On the business side, the same slopes have remained for decades, especially the lack of institutionalization. When going public, the financial data of the company – and many ‘secrets’ of its business – must be transparent so that investors can make the decision to buy or sell its shares based on that information. “Many of the companies have the size, they have significant growth rates, but in many cases what fails them is corporate governance or having financial statements audited according to the standards,” says Perochena.

In addition, being on the Stock Exchange, you must have an investor service department, explains María Concepción del Alto, director of the Master in Finance at EGADE Business School in Monterrey, who indicates that many of the low marketability companies do not have an area especially for investors, something that is also punished in the price of the share.

In other cases, some companies find the issue of going public to be complicated because they do not consider it as an added value and are not prepared to initiate all the procedures that it entails, says Martínez, from EY. “A capital issue is not easy, you have to align many issues to make sure it is ready: corporate governance, that financial results follow accounting standards or have an area of relations with investors”, says the expert. Regarding the attractiveness of going public to obtain financing at a good cost, there are other channels through which companies can obtain competitive rates.

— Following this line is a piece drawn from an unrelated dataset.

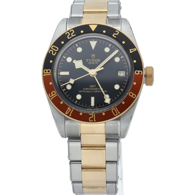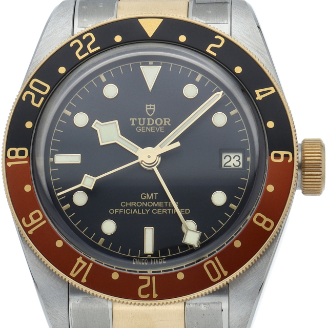 2022年の新作となる「ブラック/ブラウン」ベゼルを装備した「ヘリテージブラックベイ」。チュードルを代表するスポーツモデル「ブラックベイ」のGMT搭載モデル。搭載されている自社製ムーブメント「MT5652」は、70時間のパワーリザーブとクロノメーター認定を受けた高精度を誇り、実用性にも優れた1本となっています。

The lack of financial culture has also weighed on the market. Unlike the United States, where retail investors (ordinary people) represent 50% of the market, in Mexico they do not even reach 15%, according to BIVA’s Perochena. Their number has been increasing in the last year: in 2020, the investment accounts of individuals in brokerage houses increased 268%, to 888,321, due to the boom in investment platforms. But the road is still long for them to become an important player.

Hope dies last

The crisis derived from COVID-19 also hit the stock markets and company valuations, but the scenario is already beginning to change. Greater economic growth is reflected in the movements of the Stock Market, “and the fact that we can have better prospects improves valuations, which means that companies can receive more pesos for each share they place, and this can make the interest of the companies grows ”, says Rich, of Ve por Más. Several analysts and specialists agree with him. De la Cruz, from the IDIC, indicates that a growth of more than 4% in 2022 and 2023, together with an environment of greater certainty and trust between public and private activity, will be favorable for the market.

Perochena of BIVA is also optimistic. According to the manager, since BIVA began operations, an accompaniment has been carried out with different companies (to date more than 250) so that they prepare their way to reach the Stock Market, with a front-line maxim: “The stock market is not for large companies, it is for them to become big ”.